The Monaco Explorations join forces with Tara to study coral diseases

© Borisoff / Fondation Tara Expéditions

Corals at the heart of the next Monaco Explorations mission conducted by the scientific center of Monaco in collaboration with the Prince Albert II of Monaco and the Tara Expeditions Foundation

The CSM is studying corals of Hawaii from the 15th to the 25th of June

In the past decades, scientists have observed a drastic increase in the occurrence of coral diseases, highlighting the negative effects of climate change and ocean acidification on the health of marine ecosystems. Unfortunately, the close connection between the future of the oceans and climate leads us to expect that diseases affecting the reefs will continue to increase. Studying these major changes in marine ecosystems has been the driving force for the collaboration between the Prince Albert II and the Tara Foundations since 2009 and more recently the Monaco Explorations launched in 2017.

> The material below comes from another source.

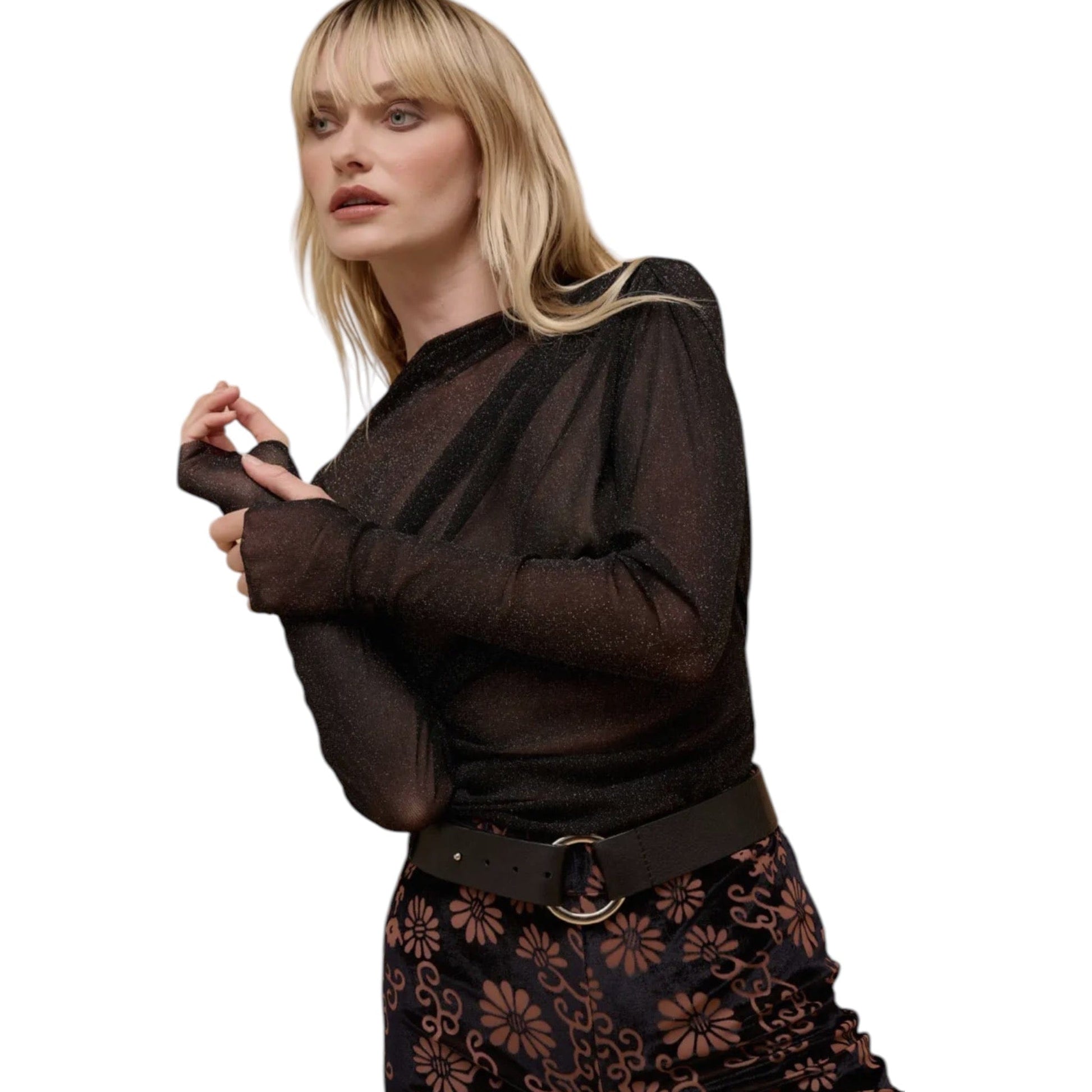 Sheer Metallic Mesh Draped Boatneck Bodysuit

With experts in how tropical, Mediterranean and deep coral reefs function, the Scientific Center of Monaco has been a partner of the Tara Pacific Expedition 2016-18. In Hawaii, the CSM team will take advantage of the visit of the Tara in Kaneohe Bay, to conduct field work focusing on coral abnormal growth for the Monaco Explorations in collaboration with the Hawaiian Institute of Marine Biology of the University of Hawaii.

 

Les scientifiques Till Roethig et Oceana Salle en train de prélever des échantillons de corail aux Kiribati
Scientists sampling coral – © Pete West / Tara Expeditions Foundation

 

From the 15thto the 25thof June, the CSM team will concentrate their work on “tumors” found on corals, a phenomenon with poorly understood origins that affects more that 40 species of Scleractinian corals in the Indo-Pacific and Caribbean regions. This disease is characterized by an abnormal growth on a distinct area of the colony. Although the growths are known by some scientists as “tumors”, their malignancy remains to be determined. Yet, the origin of this disease may involve the bacteria living on the abnormal tissues.

 

FROM CORAL TO HUMAN HEALTH

Similar to classical model organisms, these “tumors” represent a unique opportunity for multiple studies that would enrich our knowledge of coral biology, as well as coral innate immunity, which shows close similarities to humans. In fact, studying diseases to understand how healthy organisms function was the central tenant of experimental medicine practiced in the middle of the 19thcentury by Claude Bernard, the father of modern medicine. The CSM researchers will apply the same approach to understand corals today.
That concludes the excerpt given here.